Vários aspectos da aprendizagem contribuem para o sucesso do currículo oculto, incluindo práticas, procedimentos, regras, relacionamentos e estruturas sociais.[1] Esses aspectos de aprendizagem específicos da escola podem incluir, mas não estão limitados as estruturas sociais da sala de aula, o exercício de autoridade do professor, o uso da linguagem pelo professor, regras que regem o relacionamento entre professores e alunos, atividades padrão de aprendizado, livros didáticos, recursos audiovisuais, mobiliário, arquitetura, medidas disciplinares, horários e prioridades curriculares.[1] As variações entre esses elementos podem criar as disparidades encontradas ao comparar os currículos ocultos em várias classes e status sociais. "Toda escola é ao mesmo tempo expressão de uma situação política e uma professora de política".[6]

Embora o material real que os alunos absorvem por meio do currículo oculto seja de extrema importância, as pessoas que o transmitem suscitam uma investigação especial. Isso se aplica particularmente às lições sociais e morais transmitidas pelo currículo oculto, pois as características e ideologias morais dos professores e outras figuras de autoridade são traduzidas em suas aulas, embora não necessariamente de propósito.[7]

Heteronormatividade editar

De acordo com Merfat Ayesh Alsubaie, o currículo oculto da heteronormatividade resulta no apagamento das identidades LGBT no currículo por meio do privilégio das identidades heterossexuais.[8] Para Gust Yep, a heteronormatividade é a "presunção e suposição de que toda experiência humana é inquestionável e automaticamente heterossexual".[9] Leis que proíbem a menção ou o ensino de identidades LGBT são consideradas como reforçadoras do currículo oculto da heteronormatividade.[10][11] Segundo Mary Preston, a falta de educação sexual nas escolas também retira identidades LGBT do currículo explícito e contribui para o currículo oculto da heteronormatividade.[12]
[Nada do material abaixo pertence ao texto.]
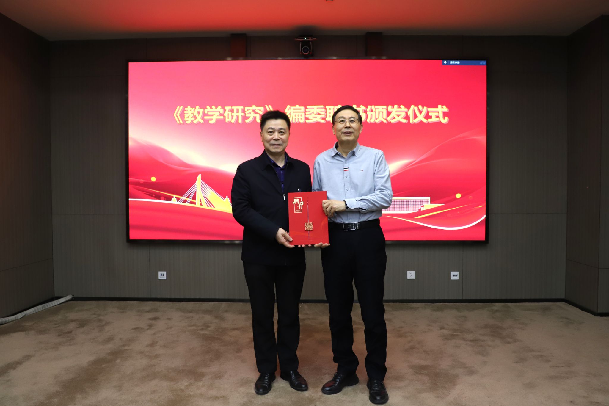 王德松副校长为编委会主任赵永生教授颁发聘书,副校长、《教学研究》主编李春玲为会场新一届编委颁发聘书。

Dependendo da norma cultural da escola, quando alunos estão fora da norma heterossexual, outros alunos e professores podem policiá-los de acordo com as expectativas heteronormativas.[13] C. J. Pascoe disse que o policiamento ocorre por meio do uso de comportamentos de intimidação, como o uso de palavras como "viado, bicha ou sapatão", que são usadas para envergonhar os alunos com identidades desviantes. Pascoe disse que o uso de calúnias LGBT forma um "discurso bicha", sendo que o "discurso bicha" nas escolas defende a heteronormatividade como sagrada, trabalha para silenciar as vozes LGBT e incorpora ideais heteronormativos no currículo oculto[14]

Autismo editar

O termo currículo oculto também se refere ao conjunto de normas e habilidades sociais que os autistas precisam aprender explicitamente, mas que as pessoas neurotípicas aprendem automaticamente, como a teoria da mente.[15] Outro aspecto do currículo oculto frequentemente ensinado a alunos autistas é o de rotular suas emoções em um esforço para ajudar os alunos a evitar a alexitimia.[16]

Função editar

Embora o currículo oculto transmita muito conhecimento aos alunos, a desigualdade promovida pela disparidade entre classes e status sociais muitas vezes invoca uma conotação negativa. Por exemplo, Pierre Bourdieu afirma que o capital relacionado à educação deve ser acessível para promover o desempenho acadêmico. A eficácia das escolas torna-se limitada quando essas formas de capital são distribuídas de maneira desigual.[17] Visto que o currículo oculto é considerado uma forma de capital relacionado à educação, ele promove essa ineficácia das escolas em decorrência de sua distribuição desigual. Como meio de controle social, o currículo oculto promove a aceitação de um destino social sem promover a consideração racional e reflexiva sobre ele.[18]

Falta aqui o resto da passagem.